Coordinator: Prof Umut Turksen – Coventry University
Researchers, law enforcement agencies and national tax authorities from several EU countries have joined the three-year, EU-funded PROTAX project to generate policy guidelines and toolkits to harmonise the treatment of tax crime and enhance information sharing across different European jurisdictions.
Coordinator: Dr Gregorio López – Universidad Pontificia Comillas
RAYUELA brings together experts from different areas of knowledge from all over Europe to develop an interactive story-like game that will allow minors to learn good practices on the use of the Internet and associated technology by playing and will allow modeling, in a friendly and non-invasive manner, online habits and potential risk profiles related to cybersecurity and cybercriminality.
Coordinator: Technological University of the Shannon
ResilMesh is dedicated to revolutionizing cybersecurity practices. At its core, ResilMesh endeavors to develop a cutting-edge security orchestration and analytics toolset grounded in cyber situational awareness (CSA). This initiative aims to equip organizations with the capabilities needed for real-time defense of essential business functions in an era marked by dispersed, heterogeneous cyber systems.
Coordinator: Petr Motlicek – IDIAP
ROXANNE is a three-year project, with aim to develop a platform that will increase agencies’ capabilities via voice recognition, language and video technologies. The project will support LEA’s activities through multilanguage applications based on voice, text and face technologies.

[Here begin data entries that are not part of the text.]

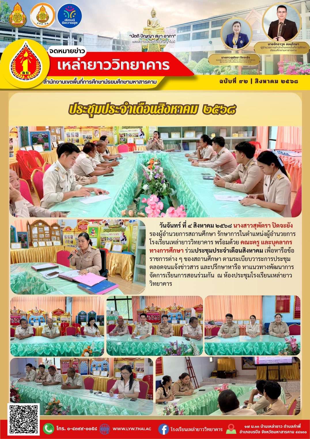 วันจันทร์ ที่ ๔ สิงหาคม ๒๕๖๘ นางสาวสุพัตรา ปิดจะยัง รองผู้อำนวยการสถานศึกษา รักษาการในตำแหน่งผู้อำนวยการโรงเรียนเหล่ายาววิทยาคาร พร้อมด้วย คณะครู และบุคลากรทางการศึกษา ร่วมประชุมประจำเดือนสิงหาคม เพื่
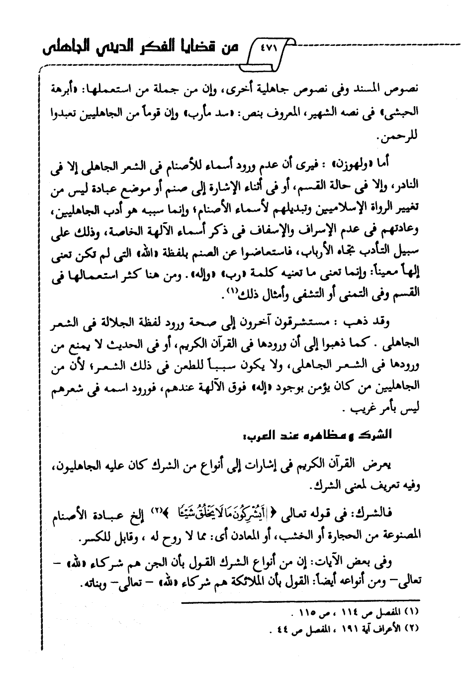 يعرض القرآن الكريم في إشارات إلى أنواع من الشرك كان عليه الجاهليون، وفيه تعريف لمعنى الشرك.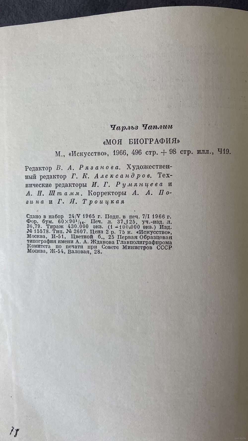 Биография Чарльз Чаплин 1966 года. Тираж 460 000. В хорошем состоянии, все нюансы видны на фото

Coordinator: Constantinos Patsakis – Athena Research Center
SafeHorizon aims to tackle the emerging threat of Crime-as-a-Service (CaaS) by harnessing intelligence from various sources including the clear web, deep web, dark web, public dumps, and law enforcement datasets. By integrating these data streams with machine learning technologies, the project seeks to extract actionable evidence for legal use.
Coordinator: Nizar Touleimat – CEA
STARLIGHT project aims to increase awareness, ability, adoption, and long-term results of AI applications in European LEAs. It will improve the widespread understanding of AI across LEAs to reinforce their investigative and cybersecurity operations and support legal, ethical, and societal values.

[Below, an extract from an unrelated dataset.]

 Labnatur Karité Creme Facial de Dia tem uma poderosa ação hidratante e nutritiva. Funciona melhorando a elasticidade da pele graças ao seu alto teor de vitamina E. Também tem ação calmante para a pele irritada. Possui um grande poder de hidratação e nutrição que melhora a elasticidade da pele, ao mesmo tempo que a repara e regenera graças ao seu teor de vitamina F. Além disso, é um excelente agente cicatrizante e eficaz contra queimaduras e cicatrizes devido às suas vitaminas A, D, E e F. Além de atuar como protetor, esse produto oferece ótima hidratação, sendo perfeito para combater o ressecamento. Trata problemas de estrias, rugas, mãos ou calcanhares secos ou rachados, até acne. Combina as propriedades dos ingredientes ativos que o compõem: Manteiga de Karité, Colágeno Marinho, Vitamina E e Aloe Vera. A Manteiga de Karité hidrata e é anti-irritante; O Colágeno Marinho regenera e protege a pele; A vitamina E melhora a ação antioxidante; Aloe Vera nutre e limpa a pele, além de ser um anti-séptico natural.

Coordinator: Eva Škruba – EACTDA
The Tools4LEAs project focuses on delivering fully-tested and validated software tools/solutions to European public security entities (law enforcement agencies, forensic institutes, and others) to help them fight cybercrime. The Tools4LEAs project aims at establishing a long-term and sustainable structure that delivers on a regular basis tool that are ready to be used at operational level.
Coordinator: Prof Umut Turksen – Coventry University
TRACE is a three-year project that performs intensive cross-disciplinary research to develop technological and socio-legal tools for tracking illicit money flows in Europe. By drawing information from the dark web and using machine learning and AI to make connections, TRACE will be able to visualise illicit money flows for use by LEAs.

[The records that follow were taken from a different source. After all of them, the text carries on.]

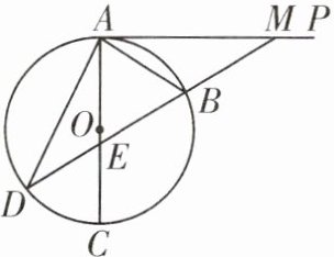 解题关键 根据切线的性质得出∠EAM= 90°,利用等腰三角形的性质与余角的性质解决问题。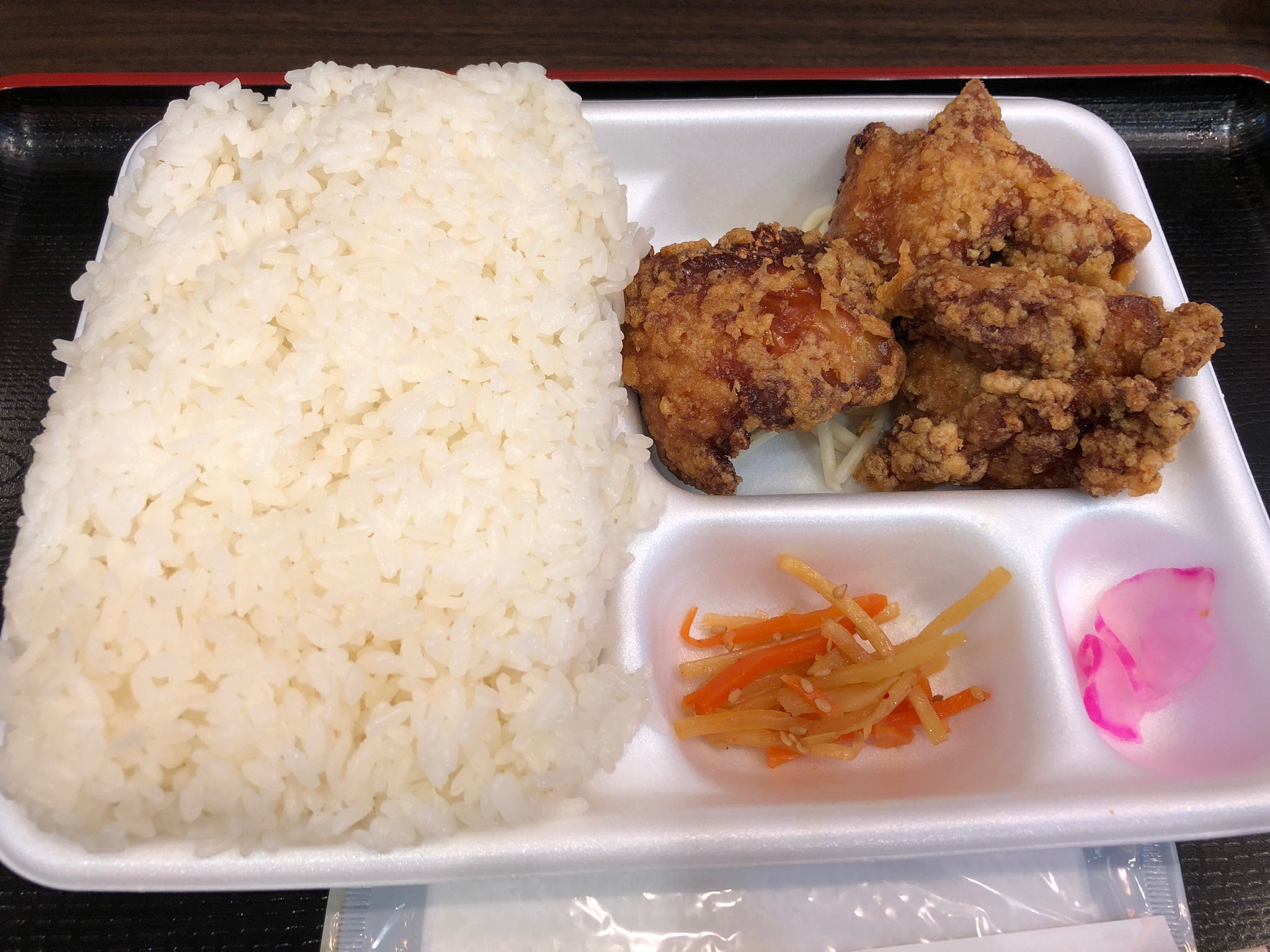 から揚げ3個でこのご飯の量辛すぎワロタ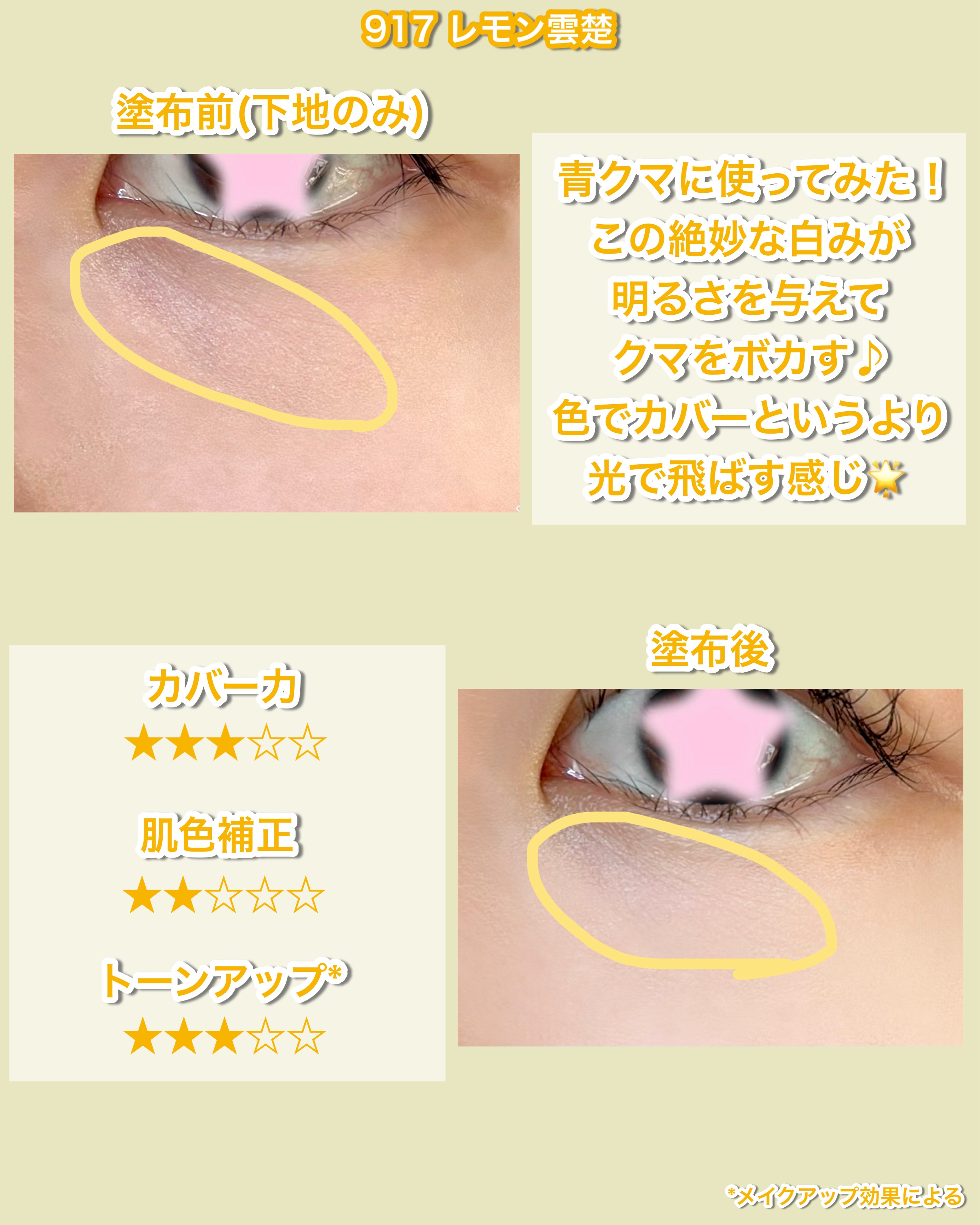 このご時世なので今回もネットで購入💦 カラー選びにちょっと苦戦😭 標準色より明るいファンデを使ってる方はこの色で大丈夫だと思います!! クマがけっこうヒドイですが このコンシーラーはカバーして隠すというより 付けたところがパッと明るくなり 光で飛ばして隠してくれる印象です✨ テクスチャーはみずみずしく 伸びがすごくイイ!!少量でOK!! 薄付きなのにカバー力があって、なんとも不思議😆 最近はファンデとして愛用してますが、 崩れにくく乾燥もしないので大好き💖 コンシーラーとして使った時と比べても伸びがイイし、厚塗り感も出ないので最高です😆 カバー力も程良い(毛穴の黒ずみが適度に隠れる程度)です!! これを使うようになってから もうリキッドファンデは買わなくなりました笑 コンシーラーだと思うと大きいけど、 メイク直しのファンデとして持ち歩きたい方にはコンパクトでイイかもしれません✨ まだ使ったコトないよーという方に ぜひ試してほしいと思うぐらいオススメな商品です🥰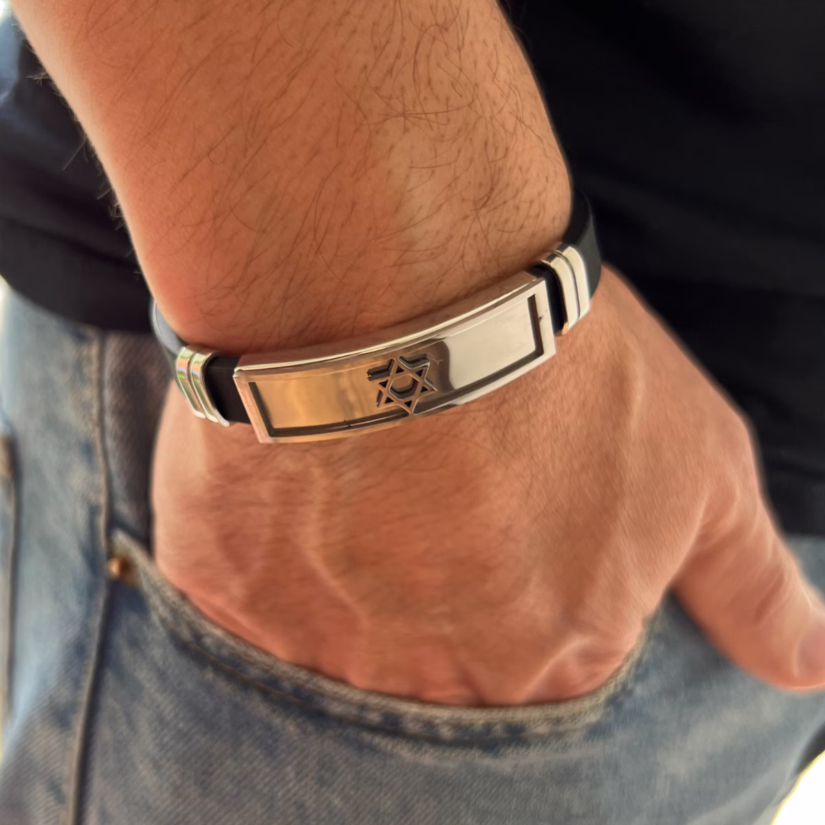 A combinação do preto fosco com o brilho do aço cria um contraste elegante e atual. A Estrela de Davi confere identidade e significado ao acessório, perfeito para quem busca expressar valores e estilo de forma discreta e sofisticada.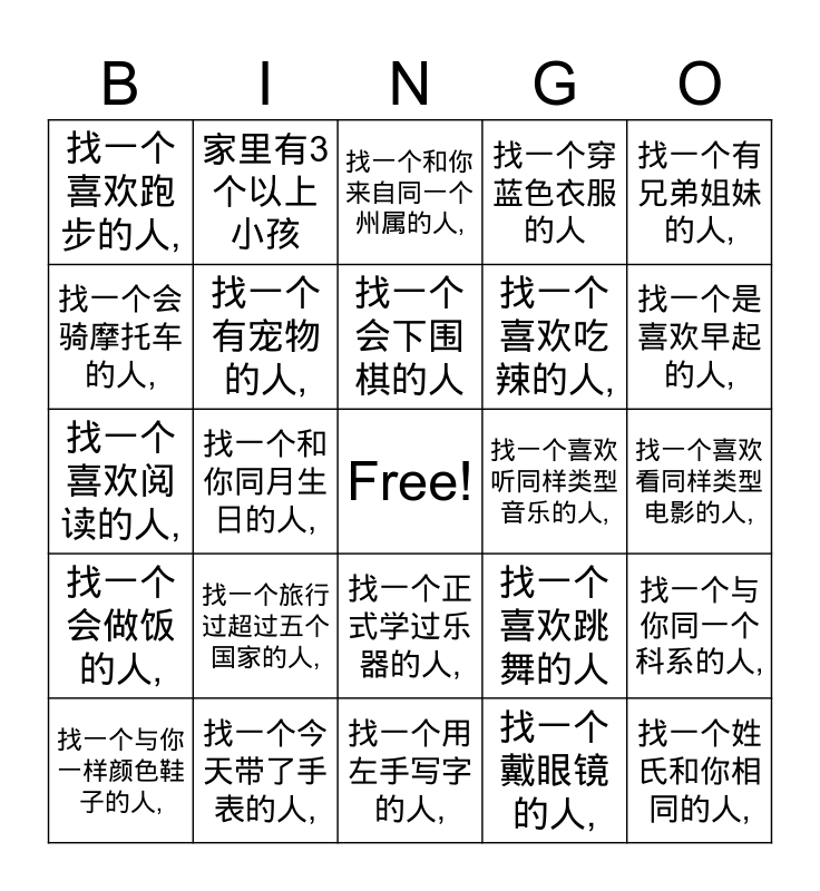 This bingo card has a free space and 29 words: 找一个与你一样颜色鞋子的人,, 找一个喜欢咖啡的人,, 找一个和你同月生日的人,, 找一个会说5种语言的人,, 找一个喜欢跑步的人,, 找一个和你来自同一个州属的人,, 找一个有宠物的人,, 找一个旅行过超过五个国家的人,, 找一个喜欢听同样类型音乐的人,, 找一个今天带了手表的人,, 找一个喜欢看同样类型电影的人,, 找一个姓氏和你相同的人,, 找一个用左手写字的人,, 找一个戴眼镜的人,, 找一个是喜欢早起的人,, 找一个喜欢雨天的人,, 找一个正式学过乐器的人,, 找一个会做饭的人,, 找一个有兄弟姐妹的人,, 找一个喜欢阅读的人,, 找一个喜欢跳舞的人, 找一个今年去健身房的人,, 找一个喜欢吃辣的人,, 找一个会骑摩托车的人,, 找一个穿蓝色衣服的人, 家里有3个以上小孩, 找一个与你同一个科系的人,, 找一个会下围棋的人 and 找一个会游泳的人..

Coordinator: Nikos Avgerinos – PERFORMANCE Technologies S.A.
TRACY is a two-year project, funded through the European Commission. Starting in June 2023 TRACY will provide an innovative digital forensic and investigation platform to identify suspects of serious organized crimes and terrorism in dense urban areas significantly advancing the process of LEAs investigations and prosecutions.
Coordinator: Dr. Helena Bruyninckx – RMA
The main objective of UNCOVER is to develop innovations for detecting hidden information (steganalysis) and to increase the technological autonomy of LEAs in the field of digital media steganalysis. UNCOVER aims to improve current standards of steganalysis solutions regarding performance, usability, operational needs, privacy protection, and chain-of-custody considerations.